## Support Vector Regression

Although not amazing, support vector regression (SVR) is better at dealing with uneven spatial data than linear regression for example so it will hopefully produce a good model. In order to model using an SVR, we will first load the data.

In [4]:
### import libraries ###

import pandas as pd
from sklearn.svm import SVR
from sklearn.metrics import r2_score, mean_squared_error
from sklearn.model_selection import GridSearchCV

In [2]:
### importing data ###

# features
features_train = pd.read_csv('data/features_train.csv', index_col = 0)
features_test = pd.read_csv('data/features_test.csv', index_col = 0)

# target
target_train = pd.read_csv('data/target_train.csv', index_col = 0)
target_test = pd.read_csv('data/target_test.csv', index_col = 0)

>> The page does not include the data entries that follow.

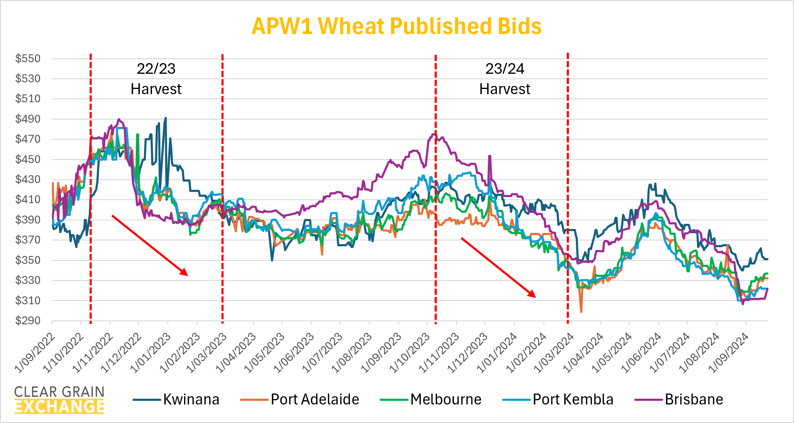 More grain is available, growers are selling, buyers pull bid prices back - this is often referred to as "harvest price pressure".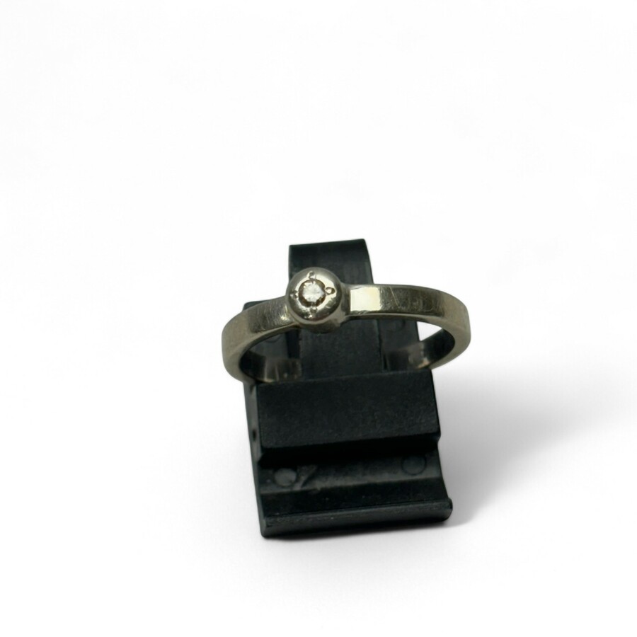 Een 20e eeuwse 14 karaats (585/1000) witgouden rijring bezet met ca. 0,2 karaat aan briljant geslepen diamant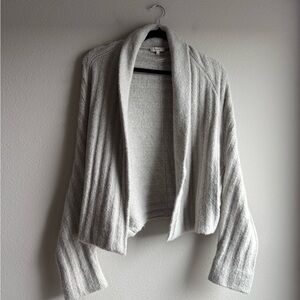 A cozy, cocoon-like cardigan in a ribbed, textured alpaca blend out of Italy. Features a shawl neckline and dolman/batwing sleeves.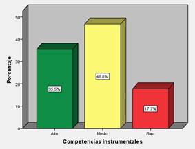 De los encuestados, el 46,8% (29) tienen competencias instrumentales de nivel medio, seguido por un 35,5% (22) quienes tienen un nivel alto, y el 17,7% (11) un nivel bajo.

Now we will model using SVR but we will use a grid search to find the optimal parameters.

In [12]:
### building grid search ###

# choosing SVR
model = SVR()

# parameters to search through
parameters = {'kernel' : ('linear', 'rbf'), 'C' : [0.01, 0.1, 1, 10, 100, 1000]}

# fitting grid search
clf = GridSearchCV(model, parameters)
clf.fit(features_train, target_train.values.ravel())

# showing best parameters
clf.best_params_

{'C': 1, 'kernel': 'rbf'}

We found the best parameters for SVR.

In [14]:
### checking metrics ###

# choosing best parameters
model = SVR(C = 1, kernel = 'rbf')

# fitting model
model.fit(features_train, target_train.values.ravel())

# predicted target
pred = model.predict(features_test)

print('RMSE is:', mean_squared_error(target_test, pred, squared = False), 'and the r2 is:', r2_score(target_test, pred))

RMSE is: 1.0633770643225113 and the r2 is: -0.13077078092716254


SVR does not act as a good model as it is worse than a horizontal line. 

## Conclusion
SVR is not a good model for predicting forest fire damage.
* r2 = -0.1308
* RMSE = 1.0634